Los Banos police release the names of the officers involved in deadly shooting
Los Banos police on Friday released the names of the two officers involved in the deadly shooting of a man who appeared to be armed earlier this month.
The officers were identified by the department as Luis Castellanos Jr. and Omar Mondragon. Castellanos has been a police officer in Los Banos for four years while Mondragon has been a police officer for about a year and a half.
Cmdr. Jason Hedden said both men worked as community service officers at the Los Banos jail before becoming street cops.
Castellanos was identified as the officer who opened fire on Salome Ramirez, a 34-year-old Los Banos man with a minor criminal record and, according to police, a history of acting “belligerent” and “aggressive” with officers.
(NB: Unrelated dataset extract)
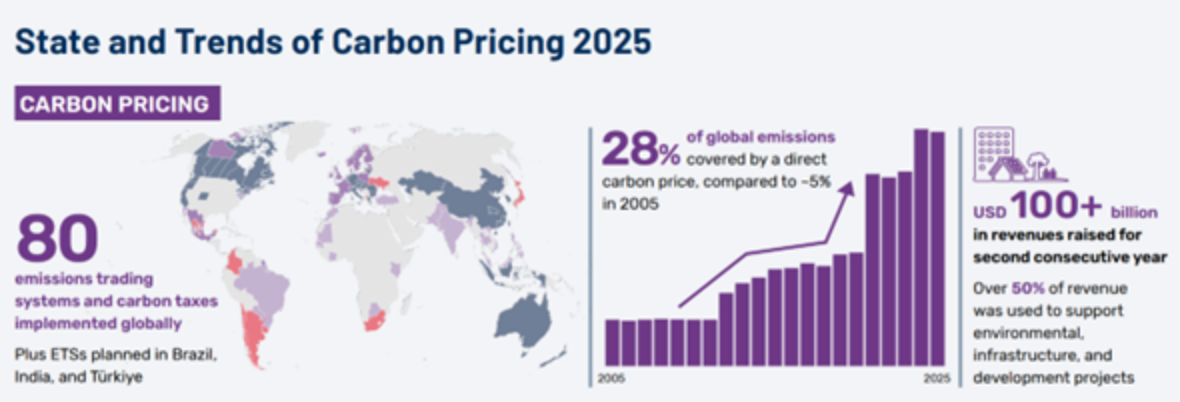 Globally, 28 percent of emissions are now covered by direct carbon pricing mechanisms, compared to just 5 percent in 2005, with major economies such as Brazil, India, and Turkey implementing emissions trading systems (ETS). For the second consecutive year, carbon pricing mechanisms generated over $100 billion in revenue, with the majority directed toward environmental, infrastructure, and development projects. [World Bank]

Hedden on Friday confirmed that, at nearly the same time that Castellanos fired his gun, the other officer, Mondragon, fired his Taser stun-gun at Ramirez.
Both men on Friday remained on paid administrative leave, a standard procedure in all officer-involved shootings, Hedden confirmed.
Police on July 11 were called to investigate reports of a man with a gun in the area of the Los Banos Rail Trail, near G and Seventh Streets.
The officers spoke with Ramirez at the scene and he acknowledged having a weapon tucked into the waistline of his shorts, Police Chief Gary Brizzee has said.
But Ramirez didn’t place his hands in the air and he did not get down onto his knees when instructed to do so by the officers, Brizzee said.
“Suddenly the man lifts up his shirt with one hand and he retrieves the firearm, the handgun, and begins to withdraw it from his waistline,” Brizzee told reporters last week at a news conference.
That’s when Castellanos fired one shot from his weapon, striking Ramirez in the abdomen. Hedden said Mondragon fired his Taser stun-gun “almost simultaneously” with Castellanos opening fire.
“The officers followed training in deploying the two separate force options,” police said in a statement released Friday.
Police later learned the object tucked into Ramirez’s waistline was a replica firearm.
The officer-involved shooting remains under investigation by the Los Banos Police Department. The Merced County District Attorney’s Office will conduct an independent review, a standard investigation in officer-involved shootings.
Mondragon was one of three Los Banos police officers who made headlines last year when they rushed into a burning home to rescue a 5-year-old boy and an elderly woman. Mondragon and the two other officers later were honored as heroes by city leaders.